# Final Coursera Project - Melbourne Restaurant Analysis

### The following notebook contains my final project and report.

#### Introduction/Business Problem

I am thinking of opeining an Italian restaurant in Melbourne but am unsure where to open it. It would be best to be outside of suburbs with a lot of existing Italian restaurants but also not too far away that people would not think to look for an Italian restaurant in that location.
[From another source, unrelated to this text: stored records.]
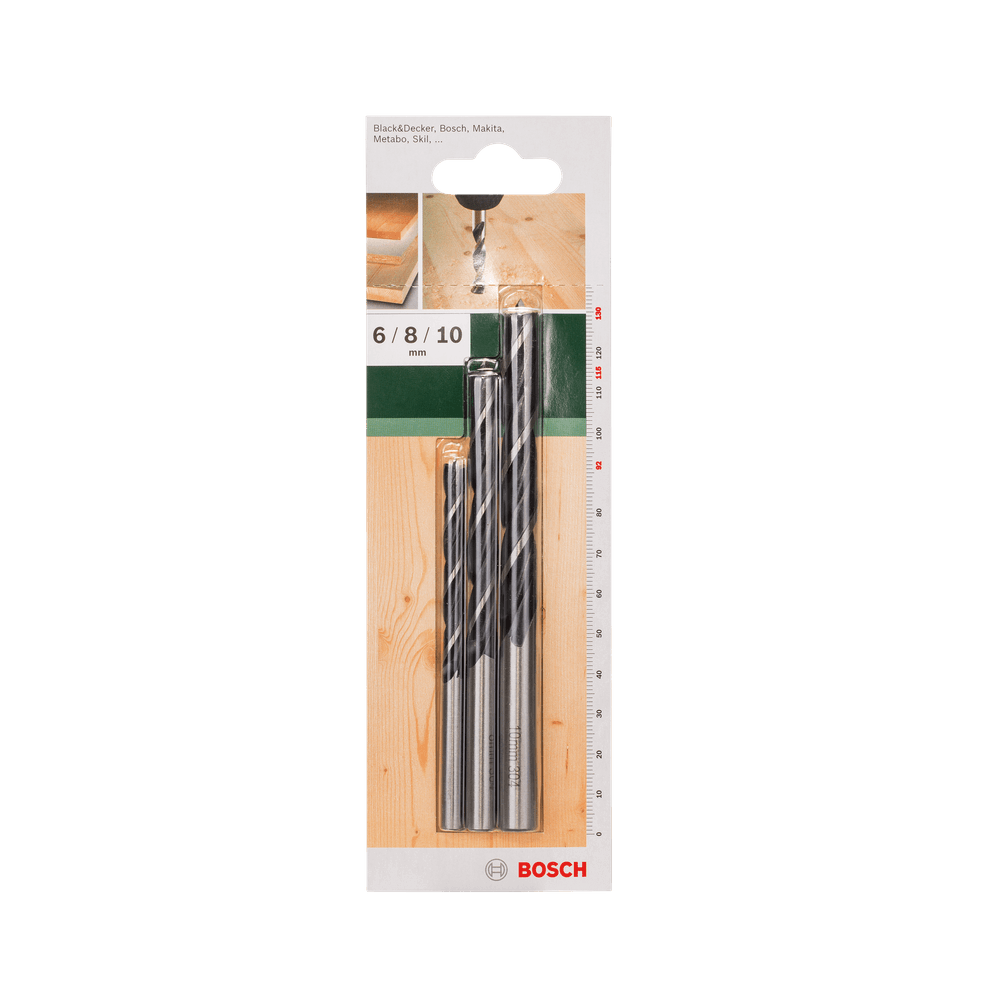 Bosch 3 részes fafúrószár készlet. Megfelelő méretű fafúrószárak a professzionális fúrási eredményért. Központosító csúccsal vannak ellátva a precíz előfúráshoz és vállmaró segíti a pontos furatkészítést. A készlet tartalma: 6 mm / 8 mm / 10 mm.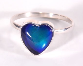 Sterling Silver Heart Shaped Mood Ring Bright Colour Etsy Ireland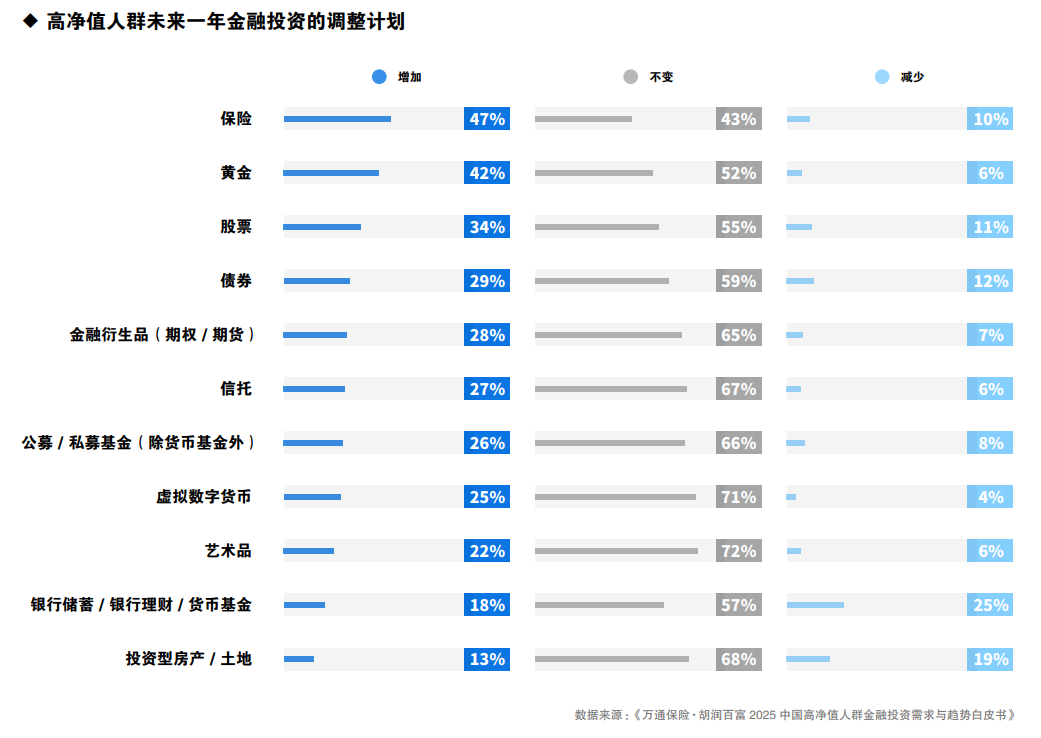 计划增加的投资类型前三位分别为保险47%、黄金42%和股票34%,分别对应资产安全、避险保值与长期增值的需求。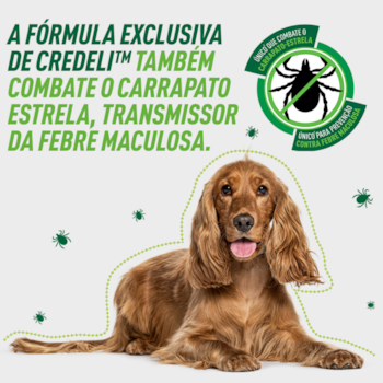 Antipulgas E Carrapatos Credeli é o único antipulgas que combate o carrapato-estrela, responsável pela transmissão da febre maculosa.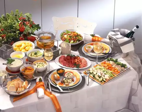 Stir salad cream, yoghurt, mustard and approx. 2 tablespoons of cucumber stock until smooth. Remove some of the herbs, egg and cucumber cubes for sprinkling. Stir the rest into the sauce. Season to taste with salt and pepper, place in a small bowl and sprinkle with the remaining sliced ingredients
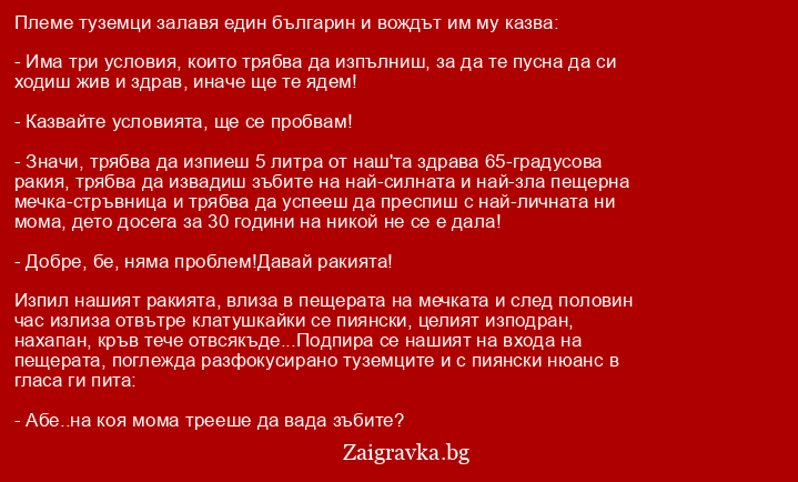 Изпил нашият ракията, влиза в пещерата на мечката и след половин час излиза отвътре клатушкайки се пиянски, целият изподран, нахапан, кръв тече отвсякъде...Подпира се нашият на входа на пещерата, поглежда разфокусирано туземците и с пиянски нюанс в гласа ги пита: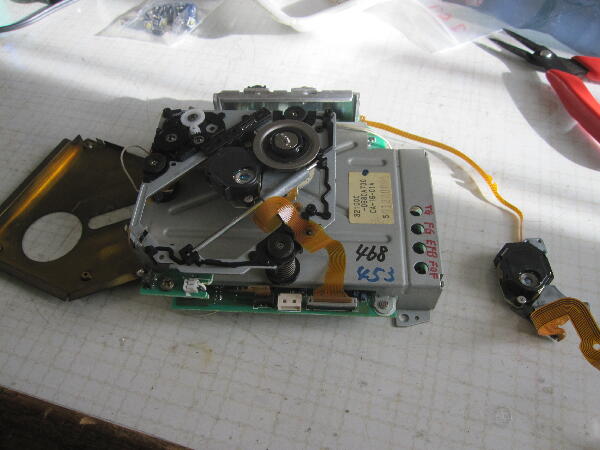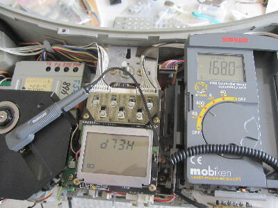 レンズを交換したピックアップはディスク回転が調整で直ぐ 止まらない様にはなったが 波形はボケて TOCは読めない レーザが寿命の時の症状 レーザ出力も上がらないのでやはり寿命の様だ 残念 ピックアップ交換しか手立ては無くなった ピックアップはプレミヤなのか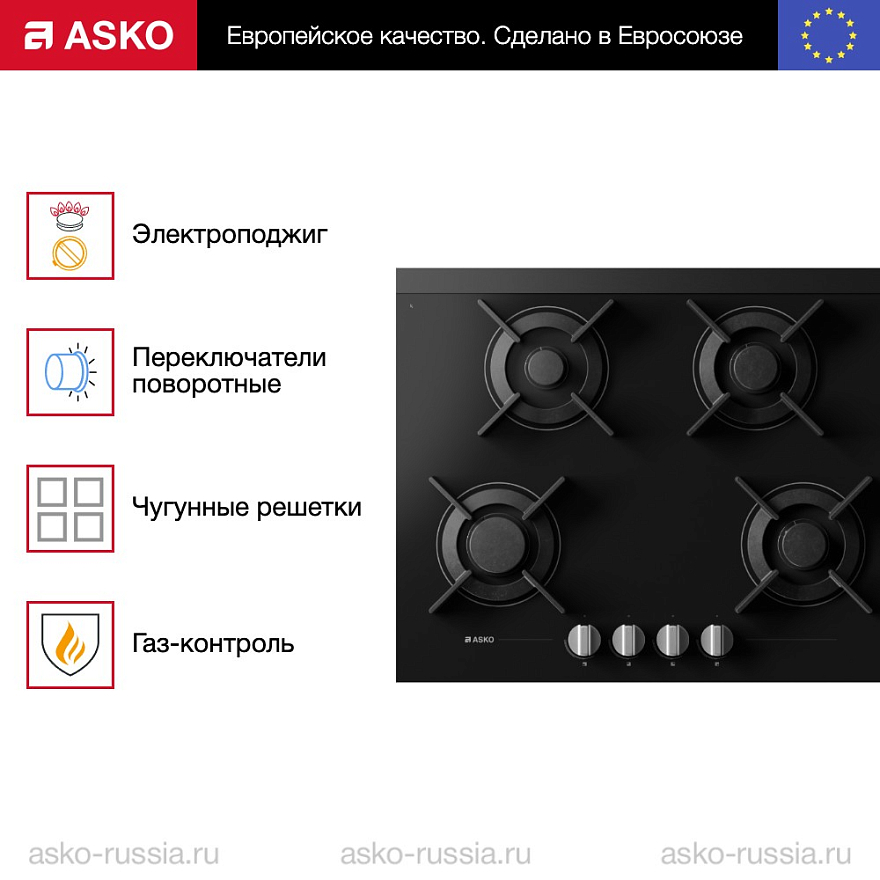 Предусмотрена система газ-контроль. Эта функция автоматически прекращает подачу газа к горелкам, если пламя гаснет из-за случайного воздействия, например, при пролитии жидкости или порыва ветра. Система газ-контроля Аско HG8640BGB1 работает просто: в каждой горелке установлен специальный датчик, который реагирует на наличие пламени. Если огонь гаснет, он остывает и передает сигнал на клапан, который перекрывает подачу газа. Таким образом, исключается возможность утечки газа и возникновения опасных ситуаций, связанных с его использованием. Функция газ-контроль особенно полезна в случаях, когда необходимо покинуть кухню на некоторое время, не опасаясь, что пламя на плите погаснет или произойдут другие неприятности. Также варочная панель оборудована электроподжигом — огонь появляется, стоит только особым образом надавить на переключатель.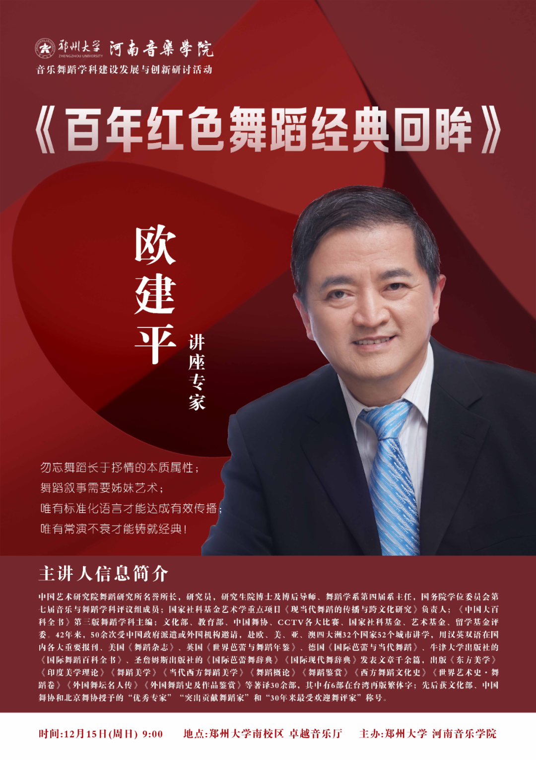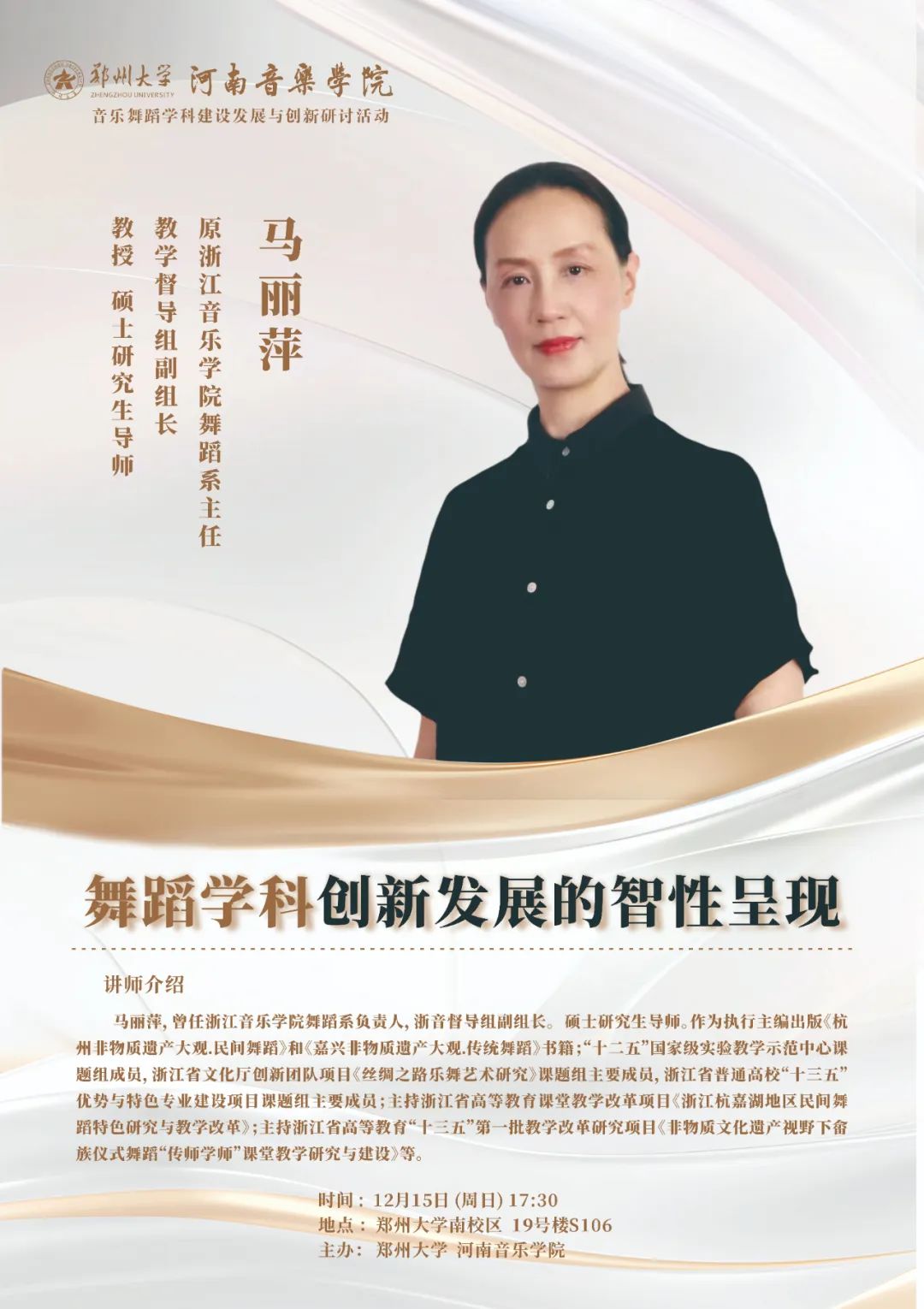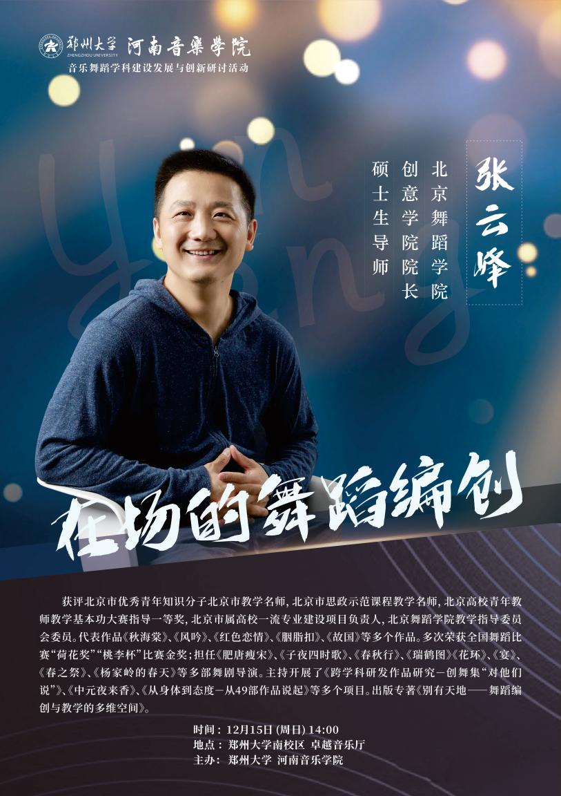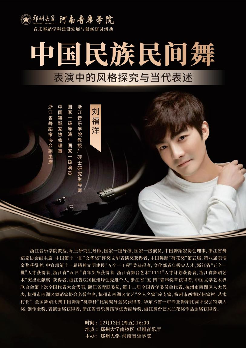12月13日—16日,欧建平教授、张云峰教授、马丽萍教授、刘福洋教授在郑州大学河南音乐学院讲授大师课、开展学术讲座,从理论建构、理念革新、范式创新、实践经验等方面为师生开拓视野、提升认知,助力舞蹈学科创新发展。

My business problem is to find a suburb adjacent to suburbs with a strong Italian restaurant presence.

#### Data Requirements

This report will analyse the ditribution of restaurant types in Melbourne suburbs using foursquare data (venues/explore). I will find a list of Melbourne suburbs online and scrape the data. I will then use geopy.geocoders to find the latitude and longitude. I will find the number of Italian restaurants by suburb, and also the most common restaurant type by suburb and visualize the results using folium maps.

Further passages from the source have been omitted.